New drugs available in Vietnam are still low.
Data from the IQVIA MIDAS Pharmaceutical Research Organization updated in the first quarter of 2022 shows that only 42 new drugs (equivalent to 9%) are available in Vietnam out of a total of 460 types launched globally in the past 10 years (from 2012 to the end of 2021). This is a relatively low rate compared to the average of 20% in the Asia-Pacific region.
The slow availability of new and advanced drugs in Vietnam limits treatment opportunities for patients, especially for serious illnesses.
When they cannot access domestic medicine, many patients seek treatment abroad. Dr. Duong Huy Luong, Deputy Director of the Ministry of Health, said that Vietnamese people spend about 2 billion USD each year to go abroad for medical treatment, a figure that could increase to 3-4 billion USD in the near future. In addition, some medicines that are not covered by health insurance are barriers that force many patients to give up treatment because they cannot afford the financial burden.
For example, cancer drugs are also a major economic burden for the whole society. Spending on cancer drugs in 2023 is 7,521 billion VND, ranking first in total drug payments from the Health Insurance Fund.
According to statistics from hospitals, the average cost of treatment for a cancer patient is over 176 million VND/year, of which the patient must pay up to 70%.
According to statistics from the Ministry of Health, there are currently 69 cancer treatment drugs in the drug list out of a total of 1,037 drugs in the list of chemical and biological drugs covered by health insurance within the scope of benefits for health insurance participants.
However, there are currently many new generation advanced treatment drugs that are highly effective in treating cancer, meeting the requirements of clinical experts as well as the expectations of patients, but are not yet on the list of drugs covered by health insurance.

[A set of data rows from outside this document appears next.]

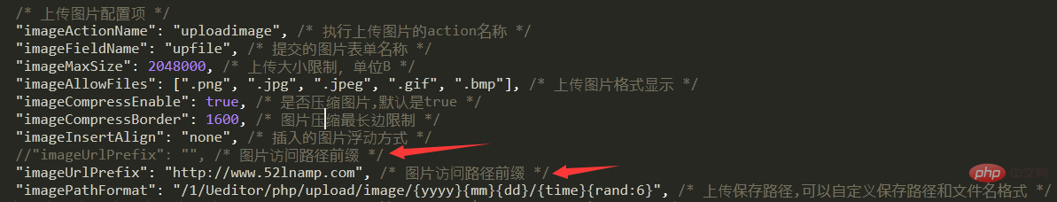 其中imageUrlPrefix这个属性加上域名即可:"imageUrlPrefix": "http://www.xxx.com", /* 图片访问路径前缀 */
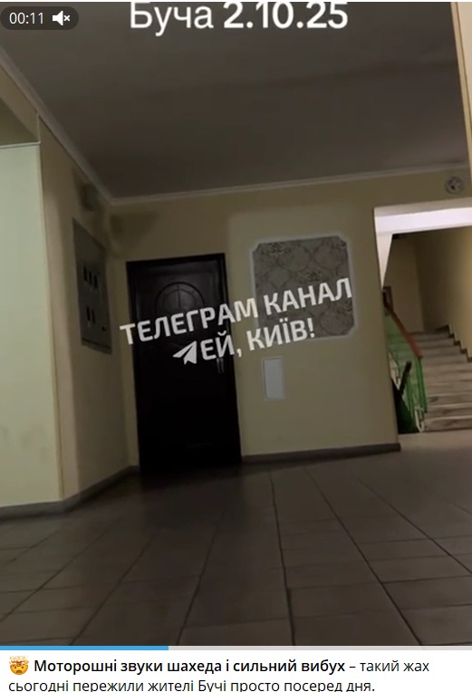 Один із "Шахедів" упав на подвір'ї приватного будинку в селі Озера Гостомельської селищної громади Бучанського району, але обійшлося без жертв і руйнувань, оскільки він не вибухнув. Відповідне відео опублікували низка пабліків, зокрема оприлюднив і журналіст Андрій Цаплієнко.
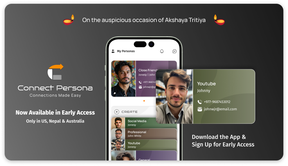 On the auspicious occasion of Akshaya Tritiya, a day symbolizing prosperity and new beginnings, ankaEK proudly unveils Connect Persona—a revolutionary platform transforming how individuals and businesses share and manage contact information. Now available in Early Access, Connect Persona empowers individuals, professionals, and businesses to seamlessly create and exchange dynamic, personalized contact cards, track shared details, and build stronger connections across personal and professional networks.
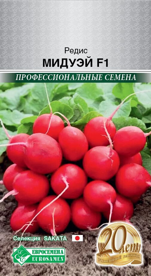 Редис — один из первых весенних плодов, как радостный привет из наступающего лета, который появляется в нашем меню после долгой зимы, поэтому он является очень актуальным в начале весеннего периода. Этот сочный, приятный на вид корнеплод со сладковатой остротой насыщает организм витаминно-минеральным комплексом, богат клетчаткой. Мидуэй- новый раннеспелый гибрид редиса от компании Саката. Вегетационный период около 23 дней от появления всходов. Гибрид хорошо адаптируется к различным условиям выращивания и хорошо переносит пониженные температуры. Корнеплоды округлой формы диаметром 3-5 см. Окраска шейки и коры насыщенно-красного цвета, а мякоть привлекательного белого. Не пустеет. Устойчив к стрелкованию.

According to the provisions of the 2016 Pharmacy Law, drugs must be registered with the state management agency (Department of Drug Administration, Ministry of Health) before being circulated in the Vietnamese market, the maximum time for granting a circulation registration certificate is 12 months.
Although the Drug Administration of Vietnam has recently made many announcements to extend the validity of drug and pharmaceutical ingredient registration certificates, it has not yet solved the drug shortage problem at medical facilities.

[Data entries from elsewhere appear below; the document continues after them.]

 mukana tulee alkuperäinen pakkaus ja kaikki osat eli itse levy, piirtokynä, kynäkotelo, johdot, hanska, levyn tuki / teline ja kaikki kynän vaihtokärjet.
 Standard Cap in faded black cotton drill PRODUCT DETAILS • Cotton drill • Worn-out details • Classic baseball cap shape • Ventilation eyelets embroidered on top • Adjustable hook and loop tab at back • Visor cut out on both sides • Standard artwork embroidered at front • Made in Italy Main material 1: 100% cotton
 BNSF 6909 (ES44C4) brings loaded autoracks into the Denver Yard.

Opportunity for patients to access new drugs
The draft amendments and supplements to a number of articles of the 2016 Pharmacy Law have many preferential policies and incentives for the development of the pharmaceutical industry with the goal of helping people have more access to new drugs with high treatment efficiency and reasonable prices. This draft amendment is expected to be submitted to the National Assembly for approval at the ongoing session (Session VIII, October - November 2024).
Mr. Chu Dang Trung, Head of Legal Division - Integration, Ministry of Health said that there are 5 new points in the Draft amending and supplementing a number of articles of the 2016 Pharmacy Law, including simplifying administrative procedures on the order and procedures for granting drug circulation registration certificates; increasing references, recognition, and accreditation to create favorable conditions and increase proactiveness for businesses.
According to Mr. Trung, the draft revised Law on Pharmacy also expands the business rights for foreign-invested pharmaceutical businesses (FIEs) in Vietnam. This will allow FIEs to participate more deeply in Vietnam's drug supply chain. At the same time, these businesses will be allowed to directly distribute drugs produced by the businesses themselves, to order processing, and to transfer technology in Vietnam. Attract FIEs to invest in this field to improve domestic production capacity. Along with that, the bill creates conditions for domestic drug manufacturing facilities to access advanced drug manufacturing technology. Moving towards proactively ensuring drug supply and drug security for people's health care.
Amending and supplementing a number of regulations to promote the development of the pharmaceutical industry in order to supplement more appropriate and innovative policies compared to the 2016 Pharmacy Law to attract investment and further promote research and development of pharmaceutical raw material production; research and receive technology transfer for the production of high-tech drugs, biotech drugs, and special-treatment drugs; simplifying the procedures for granting drug circulation registration certificates, increasing the ability to access drugs early for people while still ensuring quality control, safety and effectiveness as well as compliance with international practices.